Preferably, the determining, according to each micro-architecture indicator, the use rate of the vectorized instruction of the floating point operation includes:

determining total double-precision floating point operation instructions, total single-precision floating point operation instructions and the total execution times of x87 double-precision floating point operation instructions according to each micro-architecture index;

and dividing the sum of the execution times by the sum of each floating point operation instruction and each vector operation instruction to obtain the utilization rate of the vectorized instruction of the floating point operation.

Preferably, the method further comprises:

collecting each level of cache hit rate of the target service in the running process;

and when the cache hit rate of any level is lower than the cache hit rate threshold, taking each level of cache as a server bottleneck influence factor to optimize the server.

An optimization system for a server, comprising:

the hardware index acquisition module is used for acquiring various hardware indexes during the operation of the target service;

the normalization module is used for normalizing the hardware indexes;

and the first execution module is used for taking the hardware index as a server bottleneck influence factor to optimize the server when the numerical value of the hardware index in the first duration after any one normalization exceeds a preset threshold corresponding to the hardware index.

An optimization apparatus of a server, comprising:

a memory for storing a computer program;

a processor for executing the computer program to implement the steps of the method of optimizing a server as described in any one of the above.

A computer readable storage medium having stored thereon a computer program which, when executed by a processor, implements the steps of the method of optimizing a server according to any of the preceding claims.

By applying the technical scheme provided by the embodiment of the invention, the hardware bottleneck of the server can be found according to the statistical result, so that the optimization of the server can be performed accordingly, and the full play of the performance of the server is facilitated. Specifically, the method and the device collect various hardware indexes during the operation of the target service, and then normalize the various hardware indexes. Normalization takes into account the different representation forms of different hardware indexes, and subsequent comparison can be conveniently performed through normalization operation. When the value of any one normalized hardware index in the first duration exceeds the preset threshold corresponding to the hardware index, the hardware index is indicated to have a larger limit on the performance of the server, so that the hardware index is used as a bottleneck influence factor of the server, and the optimization of the server can be performed. The optimization of the server can be effectively carried out, and the limitation caused by the hardware bottleneck of the server is avoided, so that the performance of the server is fully exerted.

Drawings

In order to more clearly illustrate the embodiments of the invention or the technical solutions in the prior art, the drawings that are required in the embodiments or the description of the prior art will be briefly described, it being obvious that the drawings in the following description are only some embodiments of the invention, and that other drawings may be obtained according to these drawings without inventive effort for a person skilled in the art.

FIG. 1 is a flowchart of an optimization method of a server according to the present invention;

fig. 2 is a schematic structural diagram of an optimization system of a server in the present invention.

Detailed Description

The core of the invention is to provide an optimization method of the server, which can effectively optimize the server, avoid the limitation caused by the hardware bottleneck of the server, and is beneficial to fully playing the performance of the server.

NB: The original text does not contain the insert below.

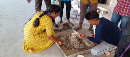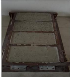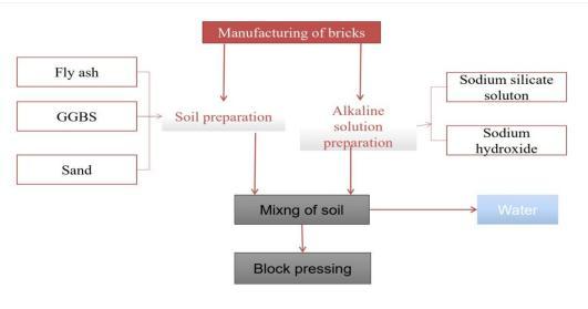 In this process, Rangan’s method was governed for manufacturingbricks.Thealkalinesolution,onedaybefore mixingthematerialsalkalinesolutionhastobedonewith sodium silicate solution and sodium hydroxide solution which work as an activator in geopolymer bricks manufacturing. After one day of alkaline solution preparation,soilpreparationhastobepreparedbydifferent proportionsofflyashandGGBSlike95 5%,90 10%,and 80 20%.Herethealkalinesolutionisaddedtothesoilmix. Afterthemixing,applygreasetothemoldsandthenfilled withthemixturewithpropercompactiontoremoveairgaps. Here230mmx110mmx70mmsizeofmoldsareused.

In order to better understand the aspects of the present invention, the present invention will be described in further detail with reference to the accompanying drawings and detailed description. It will be apparent that the described embodiments are only some, but not all, embodiments of the invention. All other embodiments, which can be made by those skilled in the art based on the embodiments of the invention without making any inventive effort, are intended to be within the scope of the invention.

Referring to fig. 1, fig. 1 is a flowchart illustrating an implementation of a method for optimizing a server according to the present invention, where the method for optimizing a server may include the following steps:

step S101: and collecting various hardware indexes during the operation of the target service.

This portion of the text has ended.